The number of the hotel room where the two would-be lovers meet,2046, is the year when the arrangement promised by China at the time of the 1997 British handover of Hong Kong, allowing the island to maintain its capitalist economy, is supposed to end. It’s also the title of Wong’s follow-up to In the Mood for Love, in which Leung returns as a Chow who’s become as detached as he is debauched, making a game of the same luck that’s treated his heart so capriciously. Sporadically involved with another woman who’s also named Su (played by Gong Li) and an escort played by Zhang Ziyi, who is now the occupant of room 2046 and whose powers of bewitching men are lost on the one man she wants, Chow wanders from conquest to conquest with a premeditated aimlessness, unable to lose his heart no matter how recklessly he gambles it. Taken together, Days of Being Wild, In the Mood for Love, and 2046 are a triptych, but In the Mood is the trilogy’s heart and the most autonomous of the three. Nothing Wong has made before or since (including 2007’s My Blueberry Nights) matches its hushed rapture.

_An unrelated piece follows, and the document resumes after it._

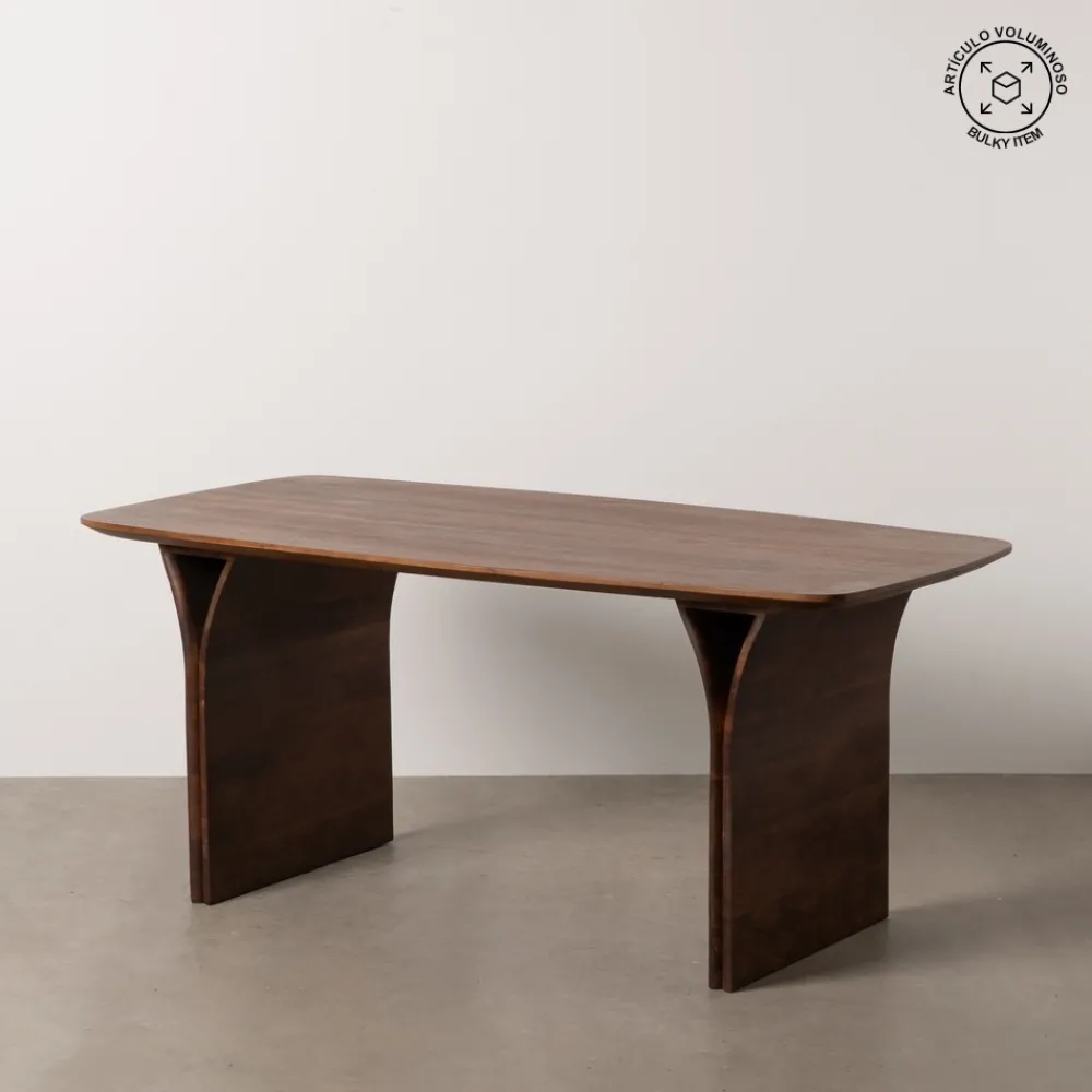 Con una estructura robusta y un acabado natural en color marrón, esta tiene capacidad para . Su forma rectangular, con unas dimensiones de , la convierte en una opción versátil para espacios grandes y medianos. Además, la distancia entre patas, de 114 cm, proporciona una mayor comodidad para los asientos.

For much of its filming, what would become In the Mood for Love was called Secrets, and without divulging too much to those who haven’t seen it yet, the movie ends with a secret, whispered into a hole in a wall and then, with the mud of the earth, sealed off from what we can hear or know. In the Mood’s two lovers are bound by the conviction that what divides them is the same sensual inertia that drove their spouses into each other’s arms. But watch Cheung walk to and from the noodle shop and you know this isn’t possible. There is nothing sensually inert about that walk. It would be lascivious, that walk, were it by any actress other than Cheung, or from any director other than Wong Kar-wai. Su’s body may keep a secret from Su but not from anyone who watches her, and long after the wounds of betrayal pretend to heal, long after she and her coconspirator in an eluded passion have separated, long after this serenely delirious movie is over, the secret of that walk haunts us as much as whatever it is that Chow has murmured in the dark.